Differences b/w rods and cones:
- MORE RODS THAN CONES (each eye has 120M rods vs. 6M cones or 20x more rods than cones.) More important to see light than detail initially!
- Cones are concentrated in the fovea.
- Rods are 1000x more sensitive to light than cones. Better at detecting light – telling us whether light is present i.e. black/white vision.
- Cones detect color primarily but also some light (three types : 60% Red, 30% Green, 10% Blue)
- Rods have slow recovery time vs. cones have fast recovery time. Takes a while to adjust to dark – rods need to be reactivated. Cones adapt to change quickly (fire more frequently)
photoreceptor distribution in retina
- Where optic nerve connects to retina, blind spot – no cones or rods
- Rods are found mostly in periphery
- Cones are found primarily in the fovea, and few dispersed through the rest of eye
- At the fovea (dimple in retina) - there no axons in way of light so get higher resolution
- At the periphery - light has to go through bundle of axons and some energy lost. So at fovea light hits cones directly. At the periphery, less light gets to the rods.
visual field processing
- How our brain makes sense of what we’re looking at. Right side of body controlled by left side, vice versa. How does it work in vision?
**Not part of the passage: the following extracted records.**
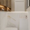 Ta mała łazienka zachwyca elegancją białych płytek z delikatnymi złotymi zdobieniami. Przeszklona kabina prysznicowa optycznie powiększa przestrzeń, a lustro dodaje funkcjonalności i stylu. Narożna umywalka doskonale wykorzystuje dostępną przestrzeń. To miejsce, gdzie elegancja spotyka praktyczność, tworząc urokliwe wnętrze małej łazienki.
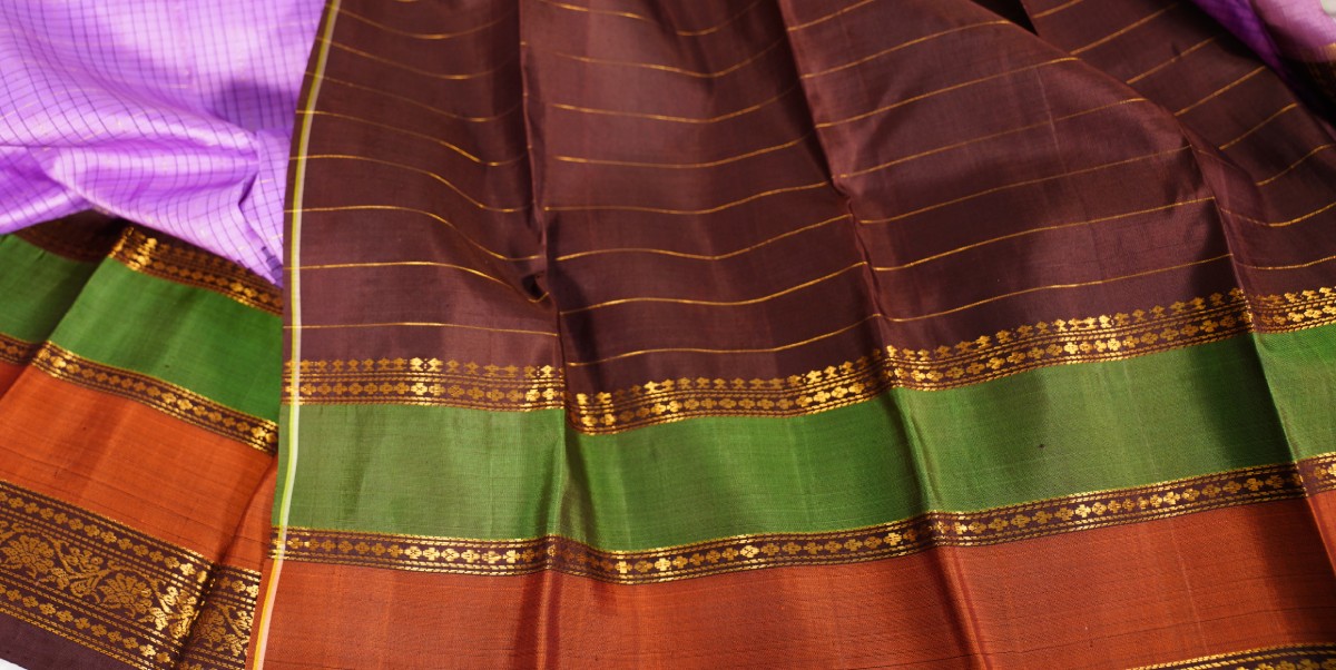 - Color Palette: Features a striking combination of lavender with a subtle checked pattern for the body and vibrant green and rust-orange for the pallu and border, accented by rich maroon hues.
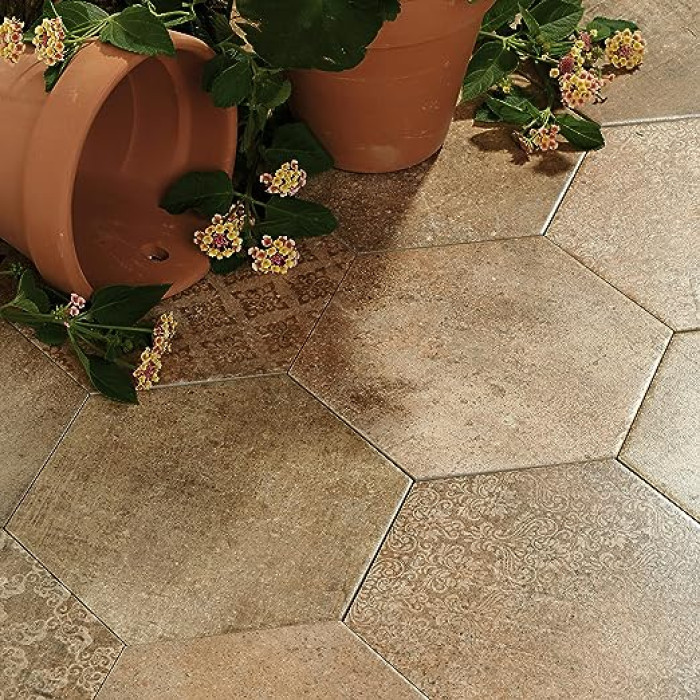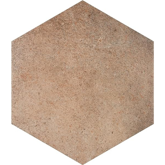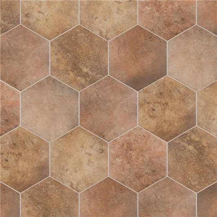 The SomerTile Abadia Hex Natural 8-5/8 in. x 9-7/8 in. Porcelain Floor and Wall Tile features a smooth, matte finish. Inspired by the beauty of natural stone and clay, these varying tiles are great for creating a rustic space. Beautiful shades of tans, browns and terra cotta create a unique design that mimics natural stone. This hexagonal tile is perfect for any setting, traditional enough for historical renovations or modern enough for new construction. Being impervious to water, these tiles are ideal for backsplashes and even offer frost resistance for some exterior work. Use these alone or mix and match with other products to create your own custom look.
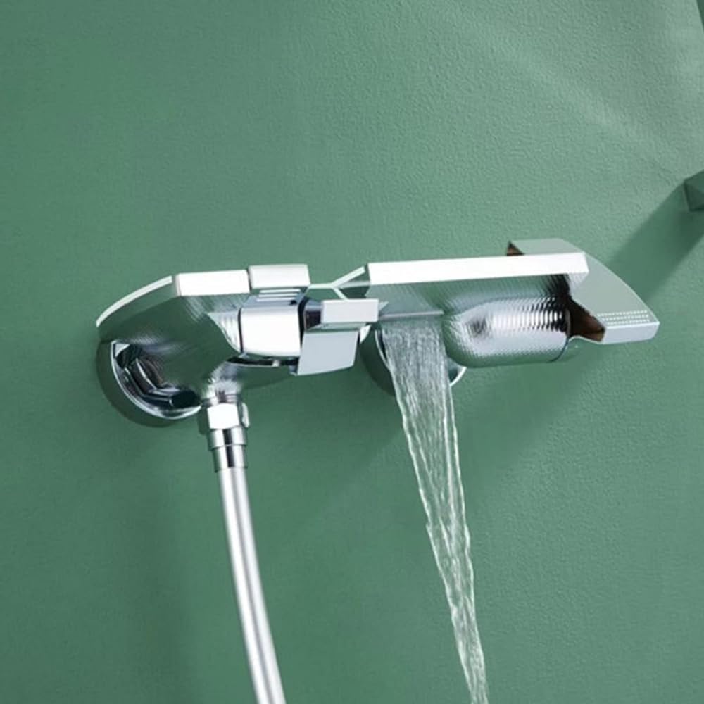 Type: Tub Faucet with Hand ShowerFeature: Waterfall Bathtub Faucet, Handheld ShowerBody Material: BrassHand Shower Material: ABSShower Hose Material: 304 Stainless SteelValve Type: Ceramic ValveSurface Finish: Black , Chrome , Gold , Gray , WhiteNumber of Handles: Single HandleNumber of Holes: Two HolesCold/Hot Water Control Type: Single Holder Dual ControlInstallation Method: Wall mountedStyle: Modern Tub FaucetCold and Hot Switch: YesType: Bathroom Mixer TapShower Hose Length: 150cmDistance of Center to Center: 15 cm (13.5-16.5 cm, adjustable)Due to different manual measurement, please allow slight size difference.
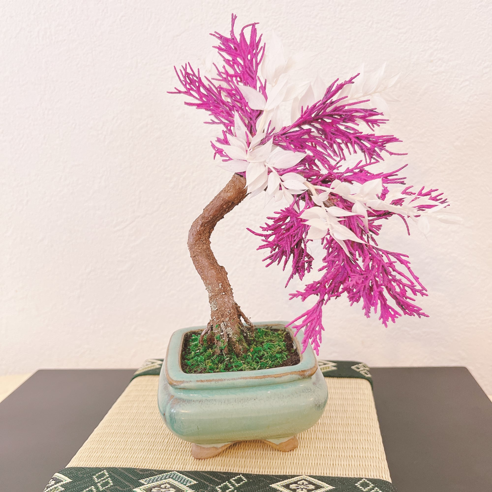 鮮やかなピンクと白のプリザーブドをあしらった、印象的なアート盆栽です。
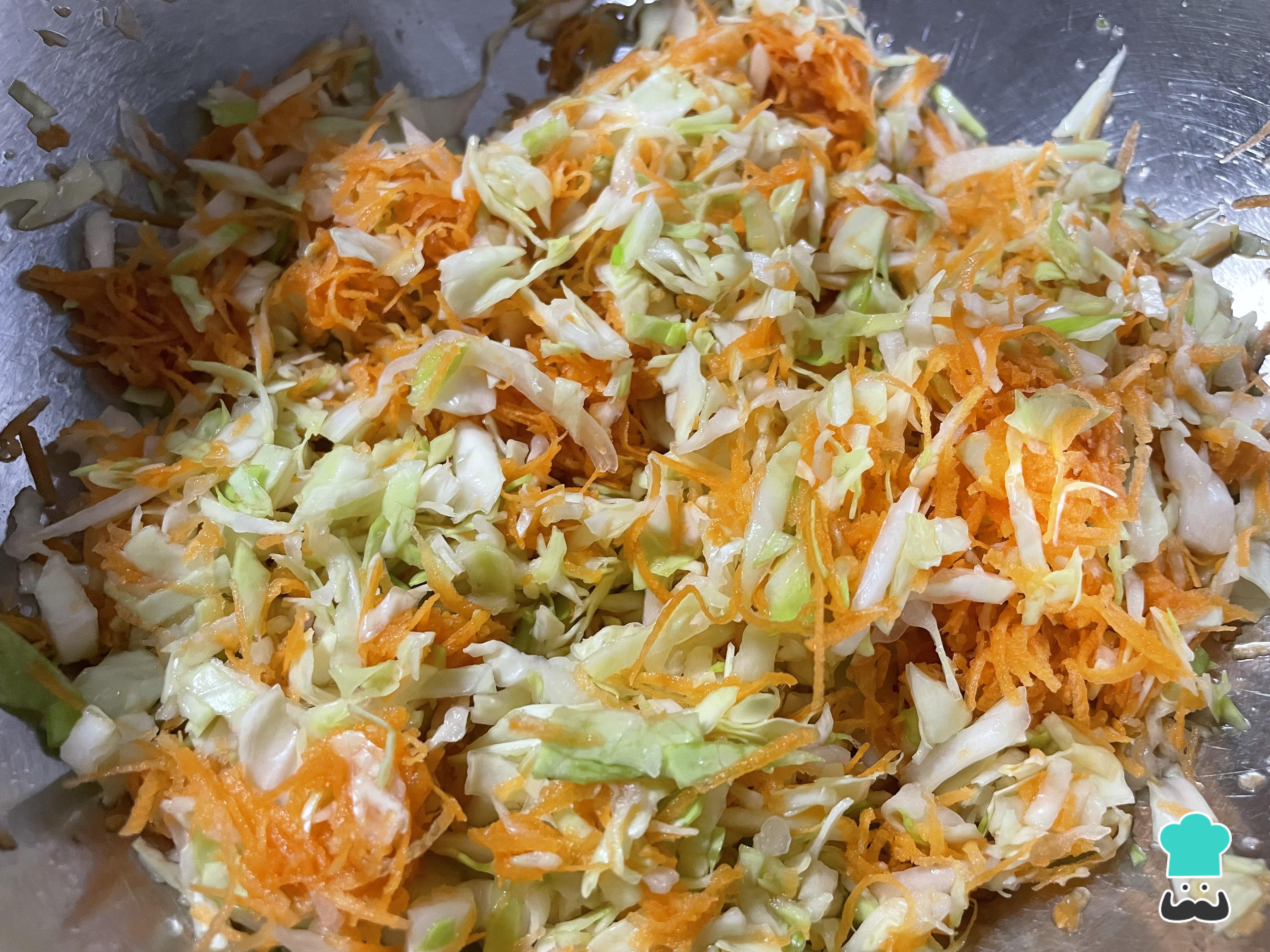 Ralla el repollo y la zanahoria. Mezcla bien en un bol. Puedes añadir una pizca de sal o unas gotas de limón para realzar el sabor.

- All right visual field goes to left side of brain; all left visual field goes to right side of brain.
- Ray of light from the left visual field hits the NASAL side of the left eye and hits the TEMPORAL side of the right eye
- Vice versa for light from the right visual field. Ray of light from the right visual field hits the NASAL side of the right eye and hits the TEMPORAL side of the left eye
- Optic nerves from each eye networks the electrical signal to the brain and converge from each eye at the optic chiasm and then break off and dig deeper into the brain
- Now….all light from the nasal side of both eyes cross to the other side so left nasal info goes to the right side and vice versa.
- On the other hand, all axons leading from the temporal side DO NOT CROSS the optic chiasm.
- What it effectively does, is the right visual field goes to the left brain and the left visual field goes to the right side of the brain (see diagram)
feature detection
When looking at an object, you need to break it down into its component features to make sense of what you are looking at. There are 3 things to consider when looking at any object: color, form, and motion:
-
Color:
- Cones
- Trichromatic theory of color vision, three types of cones: RED (60%), GREEN (30%), BLUE (10%)
- Remember, red objects reflect red, green objects reflect green, and blue objects reflect blue
- If object reflects red –> red light hits red cone –> fire axon potential –> brain is like OH RED!!
-
Form:
- We need to figure out boundaries of the object and shape of the object.
- Parvocellular pathway: good at spatial resolution (boundaries and shape—high levels of details), and color. But poor temporal (can’t detect motion—only stationary.)
- Cones responsible
- Acronym: Pink Pyramid (a type of “form”/”shape”) = Parvocellular pathway
-
Motion:
- Magnocellular pathway: has high temporal resolution (think time, motion) resolution [encodes motion]. But has poor spatial resolution; no color).
- Rods responsible.
- Acronym: Motion = Magnocellular pathway
sound (auditory waves) pathway
Sound (auditory waves) pathway:
- First hit outer part of ear, known as the pinna.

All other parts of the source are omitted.